Because both advice and exercise used elements of cognitive–behavioral techniques to encourage patients to resume normal activity levels and change any unhelpful beliefs and avoidance behavior, both treatments were expected to be more effective in patients with less healthy psychological features. We did not expect a strong interaction but, if present, thought it might be found for exercise because those patients were given more specific and structured input on how to upgrade their activity.


This study was a secondary analysis of data of a factorial, randomized, placebo-controlled trial in patients with subacute low back pain conducted in 7 physiotherapy clinics in Australia and New Zealand. The results of the primary analyses have been reported in detail elsewhere (27), so only a brief summary of the patients and methods will be presented here. The psychological predictors of outcome were chosen a priori. The study protocol received ethical approval from the Institutional Review Boards of the University of Sydney and the relevant area health services of each clinic.

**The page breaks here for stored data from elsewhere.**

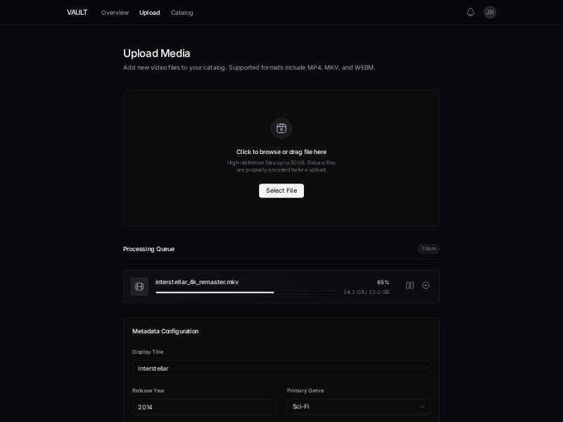 Vault Video Upload Dashboard Template delivers a sleek dark-mode interface for managing high-volume media uploads.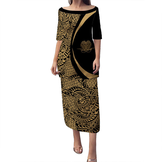 Papua New Guinea Seal With Flag Polynesian Pattern Women Off Shoulder Long Dress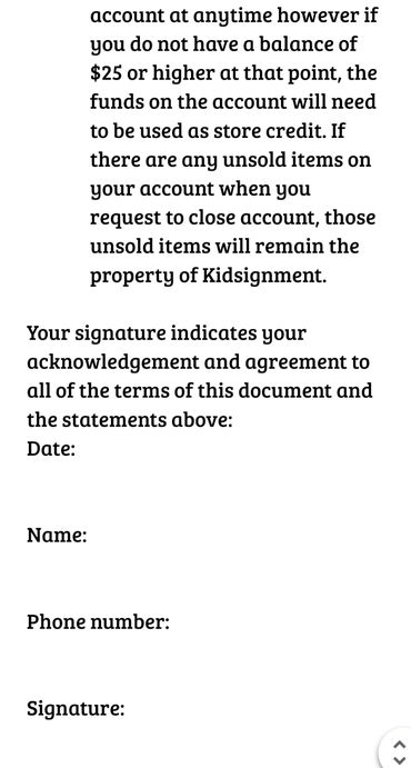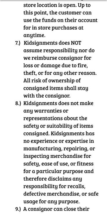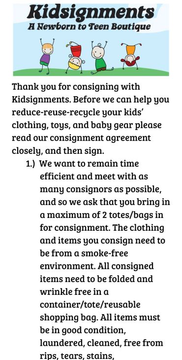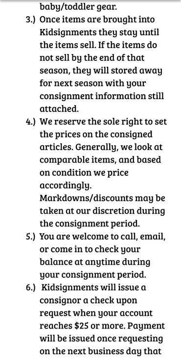Consignment items can be brought in anytime during normal business hours. Kidsignments will go through your items once dropped off. Once we have sorted your items, we will contact you to collect any items we can not take. You will need to pick up same day (unless specified other time) to pick up the items that could not be consigned or they will be donated. Once your item sells (for clothing shoes apparel etc you will receive 40% of the selling price for toys books baby gear etc it's 50%) will go into your account. When your account reaches $25 you can request payment or use it for in store purchase. All items brought in for consignment will stay in Kidsignments until it sells. In the completion of a season any of your items that do not sell will remain in store with your customer information to be returned to the sales floor the following season.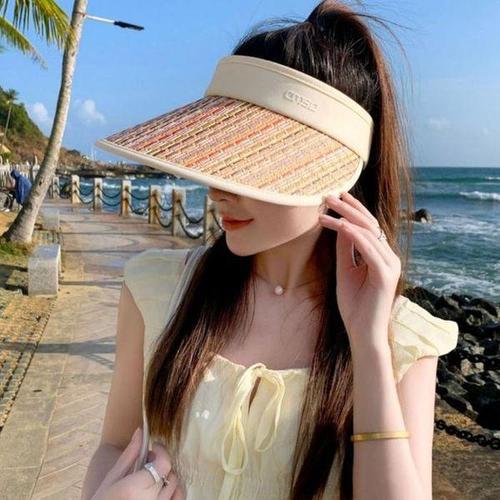 [셀러허브_여성트랜드패션]여성 밀짚무늬 챙 여름 컬라풀 햇빛 데일리 차단 썬캡
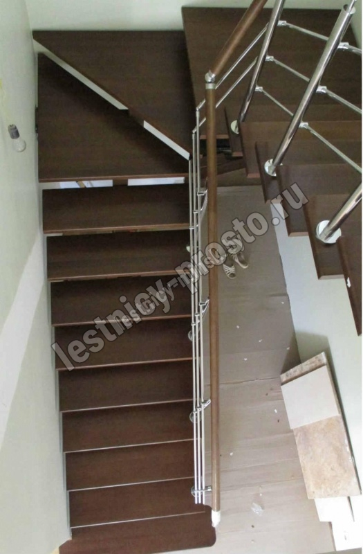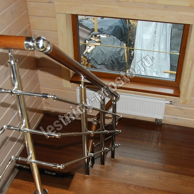 В комплекте буковый поручень, диаметром 50 мм. без какого либо покрытия, стойки из нержавеющей стали (устанавливаются через 1 ступень), диаметром 38 мм,

We recruited 259 people between the ages of 18 and 80 years with nonspecific low back pain lasting for ≥6 weeks but ≤12 weeks by direct referral, invitations to participants on hospital waiting lists for physiotherapy treatment of low back pain, and newspaper advertisements. Participants were asked not to use other treatments for low back pain during the 6-week treatment phase.

Randomization and interventions.

After completing the baseline assessment, participants were randomly allocated to 1 of 4 intervention groups: exercise and advice, exercise and sham advice, sham exercise and advice, or sham exercise and sham advice. Participants received 12 physiotherapist-directed exercise or sham exercise sessions and 3 physiotherapist-directed advice or sham advice sessions over 6 weeks. The exercise program included individualized, progressive, submaximal training designed to improve the abilities of participants to complete functional activities that they specified as being difficult to perform due to low back pain. The program consisted of aerobic exercise, stretches, functional activities, activities to build speed, endurance, and coordination, and trunk- and limb-strengthening while using cognitive–behavioral therapy principles (setting goals of progressively increasing difficulty, encouraging self-monitoring of progress and continuation of home program after intervention, and promoting self-reinforcement). Sham exercise consisted of sham pulsed ultrasound and sham pulsed short-wave diathermy. Advice aimed to encourage a graded return to normal activities. The physiotherapist explained the benign nature of low back pain, addressed any unhelpful beliefs about low back pain, and emphasized that being overly careful and avoiding light activity would delay recovery. During sham advice, participants were given the opportunity to talk about their low back pain and any other problem, while the therapist responded in an empathic manner without giving advice about the low back pain.

Data collection.

At baseline, demographic, historic, and social characteristics were assessed, as well as the putative psychological predictors of response to treatment and outcome measures. Data were collected by a blinded assessor.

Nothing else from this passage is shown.